Когда груз был разложен и равномерно распределен по вьючным сумам, их закрепляли на оленьих спинах. Затем снова приходила пора пить чай, а завьюченные олени мирно дремали, лежа на брюхе у дымокуров. Наконец, часа в 2-3, далеко за полдень, караван (аргиш) трогался и шел до вечера. За это время олени проходили 12-15 км – свою дневную норму.

Так что если лодочный транспорт оттачивает мастерство и развивает инициативу, то вьючный олений транспорт воспитывает терпение и фатализм. Ты очень скоро осознаешь, что от тебя лично (да и от всех сотрудников отряда, включая начальника) ничего не зависит. Есть размеренный порядок, устоявшийся веками, и изменить его не дано никому!

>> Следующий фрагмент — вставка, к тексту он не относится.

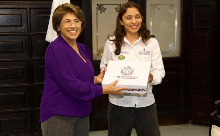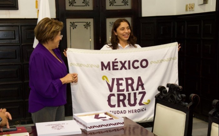 Veracruz, Ver.- (AVC) Portando con orgullo una bandera de Veracruz y México que le entregó la alcaldesa Rosa María Hernández Espejo, la joven veracruzana Valeria Palacios Cruz recibirá el próximo 20 de enero en Londres, Inglaterra, la medalla por haber obtenido el primer lugar mundial en el concurso World Education Medal for Students de inteligencia artificial, con participación de 130 países. La presidenta municipal destacó que este logro es reflejo del talento de la juventud veracruzana y señaló que su administración continuará generando condiciones para que más jóvenes accedan a oportunidades en educación, ciencia e innovación, al considerar estos rubros como prioridad para el desarrollo del municipio. Valeria Palacios Cruz cursa simultáneamente las carreras de Ingeniería Electrónica en el Tecnológico Nacional de México campus Veracruz y la de Ingeniería Mecatrónica en la Universidad Ceulver, y es egresada del Conalep Veracruz, donde inició su formación académica y proyectos que hoy la posicionan a nivel internacional. Con acciones como este reconocimiento, el Ayuntamiento de Veracruz refrenda su compromiso con el impulso al talento joven, fortaleciendo una política pública que apuesta por la educación y la innovación como motores de bienestar y desarrollo social.

Семьи оленеводов выезжали на лето в экспедиции с детьми, включая и грудных младенцев. При переездах их привязывали поверх вьюков, а ребята постарше ехали верхом. В тот год нашими оленеводами были эвенки. Они мне очень понравились – видно было, что это настоящие дети тайги, великолепно с ней сжившиеся. Ходили они бесшумно, в мягкой, теплой и красивой обуви – торбазах. Это то ли чулки, то ли длинные (до середины бедра) сапоги, сшитые из камуса – шкуры с оленьих ног, где шерсть коротка, но зато не выпадает, не вытирается. Вся одежда у них ладная, удобная, непродуваемая. Дети эвенков с малолетства имеют доступ к любому инструменту и умеют им пользоваться. Трехлетний малыш может взять острый, как бритва, топор и срубить им пару небольших елочек для костра. Если он промахнется при ударе или хотя бы просто выронит топор – точно останется без ноги! Когда я пытался объяснить маме, что нельзя давать ребенку в руки такие предметы, она только смеялась: "Почему нельзя? Пусть учится. Он – мужик!" А девочки тоже учились: они обдирали скребками выделываемые шкуры, резали острейшими ножами мясо, сшивали острой длинной иглой лоскуты кожи – и ни одна из них не порезалась!

Все эвенки (мужчины, женщины, подростки) – великолепные стрелки. Попасть из малокалиберки за 50 шагов, стоя, в гривенник для них не проблема. Мы же гордились, попадая в таких условиях в спичечный коробок. Как-то раз мы спугнули куропаток. У меня был боевой карабин, а у эвенка не было ничего. Он выхватил у меня карабин и стал целиться:

- Зачем? Пуля же разнесет птицу в клочья!

- Почему разнесет? Смотри!

Он выстрелил, и пуля оторвала куропатке голову, перебив шею.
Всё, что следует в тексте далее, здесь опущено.